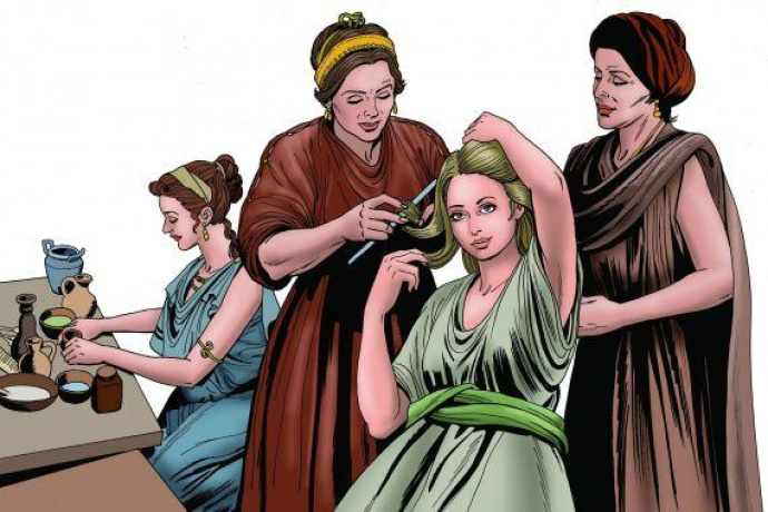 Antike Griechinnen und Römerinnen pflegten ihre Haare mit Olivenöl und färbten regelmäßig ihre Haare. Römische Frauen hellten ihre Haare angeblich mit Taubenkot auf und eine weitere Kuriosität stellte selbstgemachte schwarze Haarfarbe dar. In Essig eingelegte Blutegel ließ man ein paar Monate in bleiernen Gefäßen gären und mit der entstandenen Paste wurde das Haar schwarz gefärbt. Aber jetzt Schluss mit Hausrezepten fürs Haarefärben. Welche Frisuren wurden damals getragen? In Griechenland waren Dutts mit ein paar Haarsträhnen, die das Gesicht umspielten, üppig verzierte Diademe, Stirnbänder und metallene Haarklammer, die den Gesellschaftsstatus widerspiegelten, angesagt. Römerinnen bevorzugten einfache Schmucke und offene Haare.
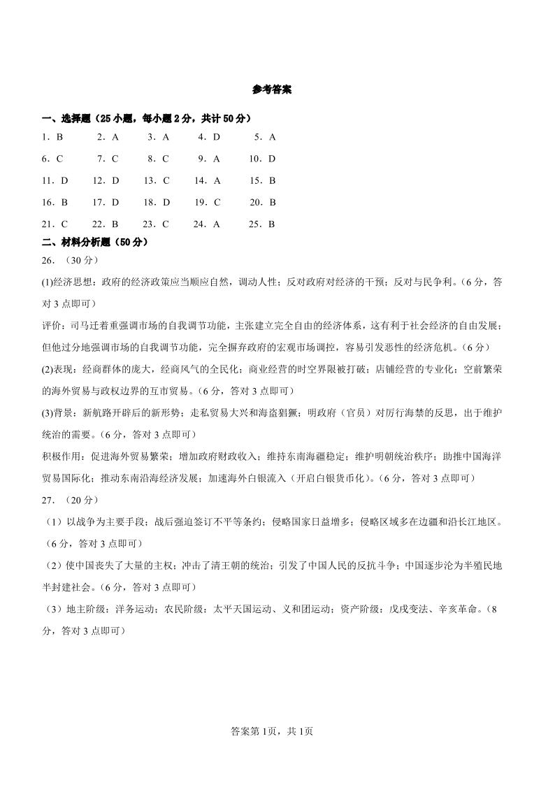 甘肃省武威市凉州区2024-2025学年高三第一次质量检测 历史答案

==

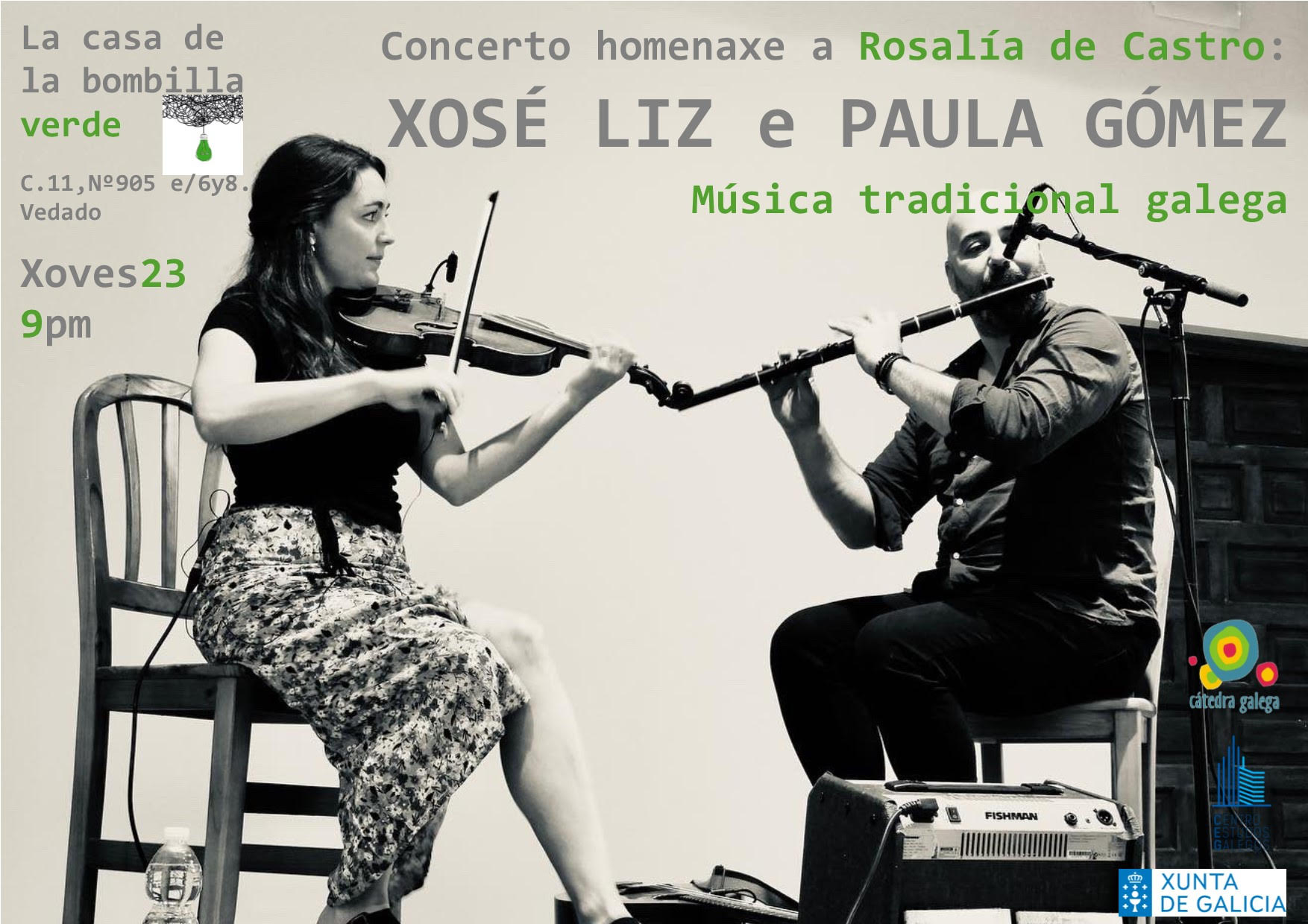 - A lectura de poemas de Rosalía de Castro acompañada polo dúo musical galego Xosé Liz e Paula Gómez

▸ Exercise prompt
From the material above, give again exactly the lines from the one that contains "Antike Griechinnen und" through the one that contains "甘肃省武威市凉州区2024-2025学年高三第一次质量检测 历史答案", and leave out the pictures.

▸ Solution for this exercise
 Antike Griechinnen und Römerinnen pflegten ihre Haare mit Olivenöl und färbten regelmäßig ihre Haare. Römische Frauen hellten ihre Haare angeblich mit Taubenkot auf und eine weitere Kuriosität stellte selbstgemachte schwarze Haarfarbe dar. In Essig eingelegte Blutegel ließ man ein paar Monate in bleiernen Gefäßen gären und mit der entstandenen Paste wurde das Haar schwarz gefärbt. Aber jetzt Schluss mit Hausrezepten fürs Haarefärben. Welche Frisuren wurden damals getragen? In Griechenland waren Dutts mit ein paar Haarsträhnen, die das Gesicht umspielten, üppig verzierte Diademe, Stirnbänder und metallene Haarklammer, die den Gesellschaftsstatus widerspiegelten, angesagt. Römerinnen bevorzugten einfache Schmucke und offene Haare.
 甘肃省武威市凉州区2024-2025学年高三第一次质量检测 历史答案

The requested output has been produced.